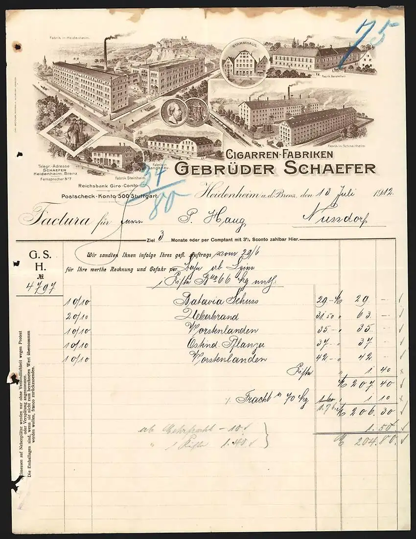 Rechnung Heidenheim a. d. Brenz 1912, Gebrüder Schaefer, Cigarren-Fabriken, Ansichten verschiedener Geschätsstellen
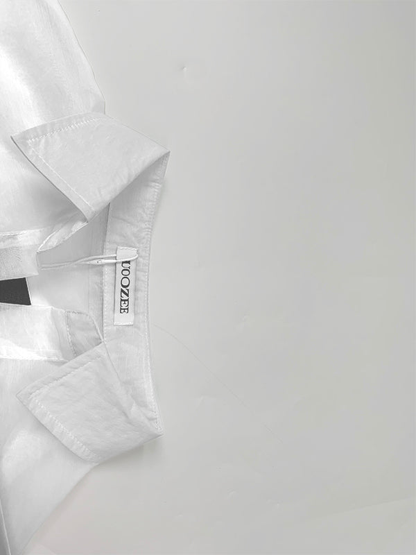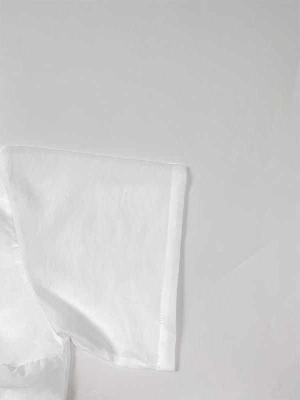Half Sleeves High Waisted Pleated See-Through Solid Color Lapel Midi Dresses Shirt Dress
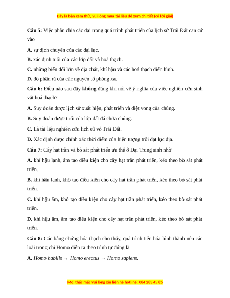 Câu 5: Việc phân chia các đại trong quá trình phát triển của lịch sử Trái Đất căn cứ vào
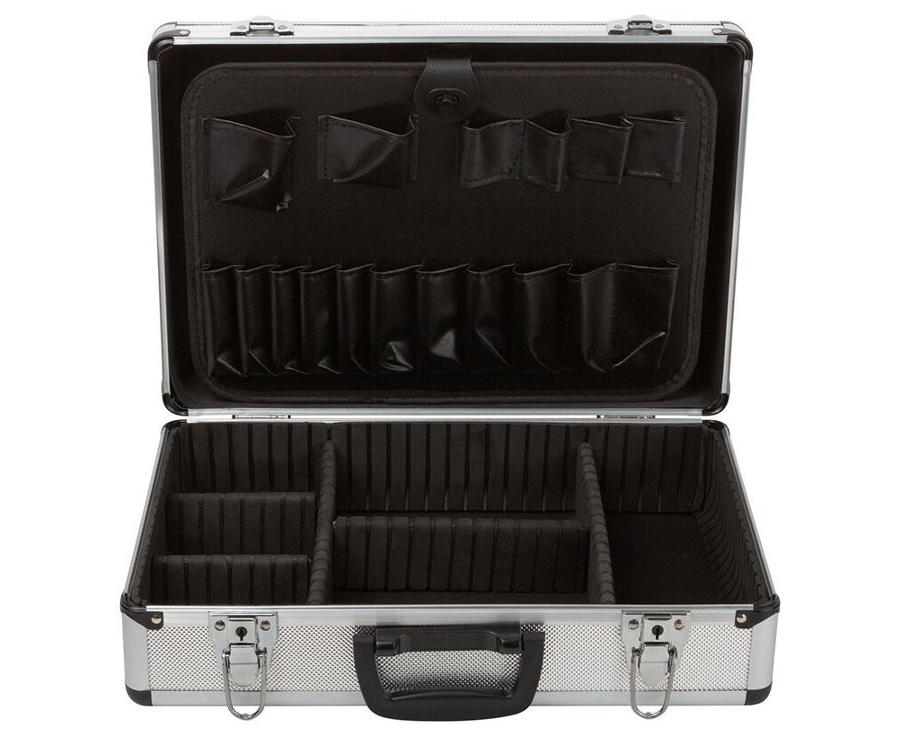 Ящик-чемодан предназначен для хранения и удобной транспортировки инструментов. Изготовлен из алюминия, а внутренняя отделка выполнена из мягкого пористого материала, что обеспечивает более бережное хранение инструмента. Переставные перегородки позволяют максимально эффективно использовать внутреннее пространство. Чемодан надежно закрывается с помощью металлических защелок. Удобная рукоятка обеспечивает комфортную переноску. Инструментальный ящик применяется как в профессиональной сфере, так и в быту: он очень вместительный, помогает упорядочить нужные в работе предметы и всегда держать их под рукой.
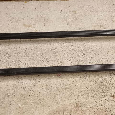 Thule kattotelineet, mustat, sopivat auton katolle kuljetustelineiksi. Valmistettu kestävästä materiaalista, käytetty, mutta ehjät ja käyttökelpoiset.
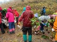 ・雨風の中、急斜面をよじ登り 鎌で下草を刈り 鍬で土を掘り起し 様々な樹木の苗を植えました。ドロドロになりましたが、何故か充足感でいっぱい。ちょっとは山への恩返しが出来たかな?
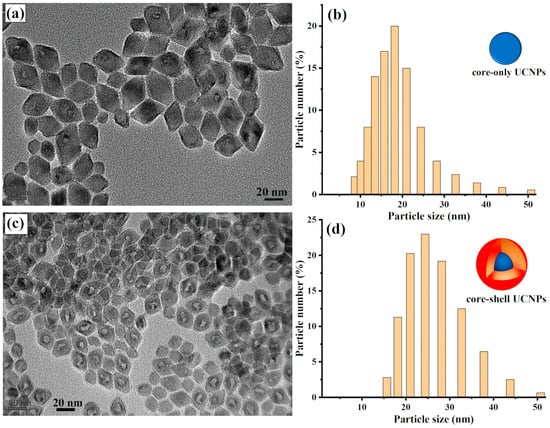 Experimentally, UCNPs with core and core–shell structures were hydrothermally synthesized following a synthesis procedure previously reported in [26] and detailed in the Materials and Methods. To visualize the size and shape of the produced core and core–shell UCNPs, a few drops of each sample were placed on a transmission electron microscope (TEM) with a carbon-coated copper grid. Figure 1a shows well-dispersed core UCNPs with an average size of 18 nm. The particle size of the synthesized core UCNPs was then confirmed to be 18 nm using a dynamic light scattering machine (DLS), as illustrated in Figure 1b. Figure 1c shows the uniform structure of the synthesized UCNP core–shell nanocrystals, with an average size of 25 nm. The average size of the core–shell UCNPs was also confirmed with DLS to be 25 nm, as shown in Figure 1d.

:: Assignment ::
Only the pictures are to be left out; print everything else in the listing exactly.

:: Task solution ::
 Rechnung Heidenheim a. d. Brenz 1912, Gebrüder Schaefer, Cigarren-Fabriken, Ansichten verschiedener Geschätsstellen
Half Sleeves High Waisted Pleated See-Through Solid Color Lapel Midi Dresses Shirt Dress
 Câu 5: Việc phân chia các đại trong quá trình phát triển của lịch sử Trái Đất căn cứ vào
 Ящик-чемодан предназначен для хранения и удобной транспортировки инструментов. Изготовлен из алюминия, а внутренняя отделка выполнена из мягкого пористого материала, что обеспечивает более бережное хранение инструмента. Переставные перегородки позволяют максимально эффективно использовать внутреннее пространство. Чемодан надежно закрывается с помощью металлических защелок. Удобная рукоятка обеспечивает комфортную переноску. Инструментальный ящик применяется как в профессиональной сфере, так и в быту: он очень вместительный, помогает упорядочить нужные в работе предметы и всегда держать их под рукой.
 Thule kattotelineet, mustat, sopivat auton katolle kuljetustelineiksi. Valmistettu kestävästä materiaalista, käytetty, mutta ehjät ja käyttökelpoiset.
 ・雨風の中、急斜面をよじ登り 鎌で下草を刈り 鍬で土を掘り起し 様々な樹木の苗を植えました。ドロドロになりましたが、何故か充足感でいっぱい。ちょっとは山への恩返しが出来たかな?
 Experimentally, UCNPs with core and core–shell structures were hydrothermally synthesized following a synthesis procedure previously reported in [26] and detailed in the Materials and Methods. To visualize the size and shape of the produced core and core–shell UCNPs, a few drops of each sample were placed on a transmission electron microscope (TEM) with a carbon-coated copper grid. Figure 1a shows well-dispersed core UCNPs with an average size of 18 nm. The particle size of the synthesized core UCNPs was then confirmed to be 18 nm using a dynamic light scattering machine (DLS), as illustrated in Figure 1b. Figure 1c shows the uniform structure of the synthesized UCNP core–shell nanocrystals, with an average size of 25 nm. The average size of the core–shell UCNPs was also confirmed with DLS to be 25 nm, as shown in Figure 1d.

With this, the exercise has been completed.